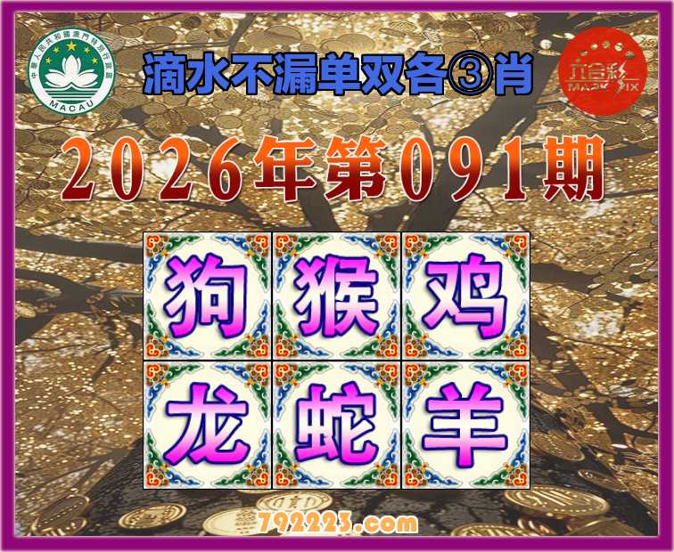 091期: 滴水不漏 🧩单双各③肖🧩【狗.猴.鸡.龙.蛇.羊】开:马37
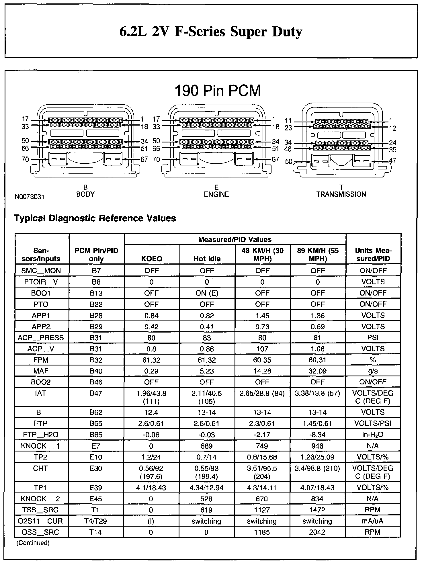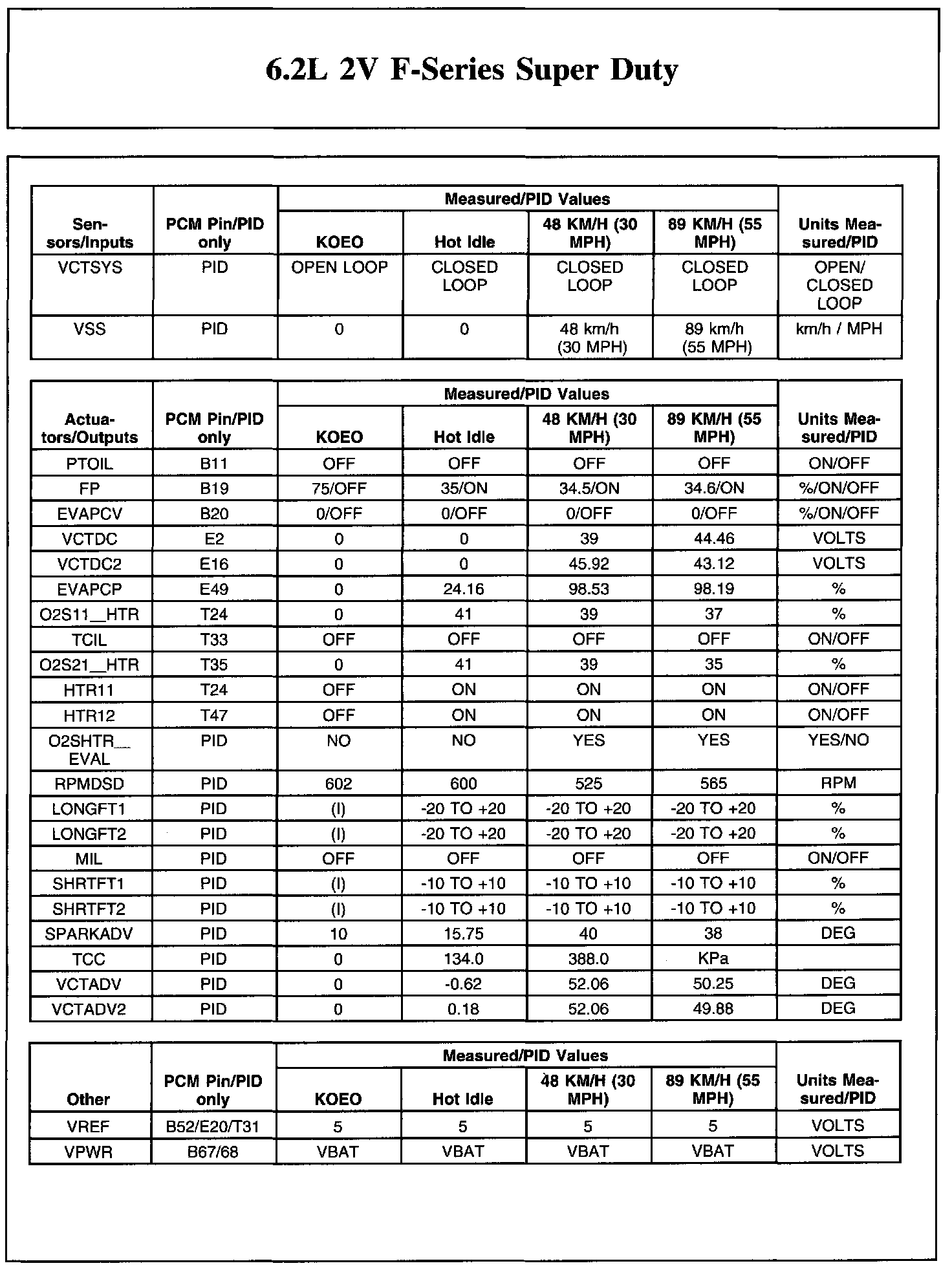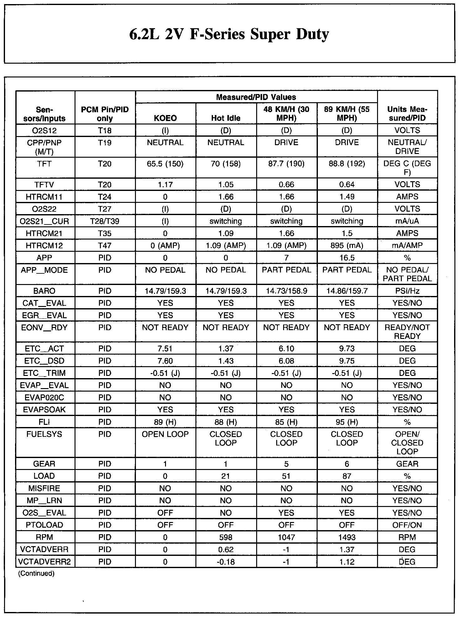 The Typical Diagnostic Reference Value Charts do not display fault parameter identifications (PIDs). These are PIDs which indicate a hard fault with the circuit. They display a value of YES or NO and are PIDs ending with the letter F.
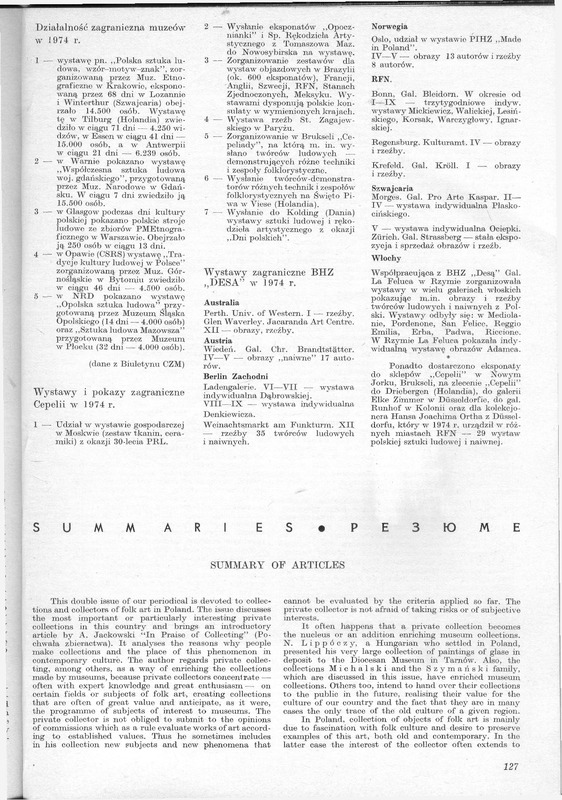 - Summary of articles/ Polska Sztuka Ludowa - Konteksty 1975 t.29 z.1-2

----------------

Each line of the data should be quoted exactly, with pictures left out.

**EXERCISE ANSWER**
 091期: 滴水不漏 🧩单双各③肖🧩【狗.猴.鸡.龙.蛇.羊】开:马37
 The Typical Diagnostic Reference Value Charts do not display fault parameter identifications (PIDs). These are PIDs which indicate a hard fault with the circuit. They display a value of YES or NO and are PIDs ending with the letter F.
 - Summary of articles/ Polska Sztuka Ludowa - Konteksty 1975 t.29 z.1-2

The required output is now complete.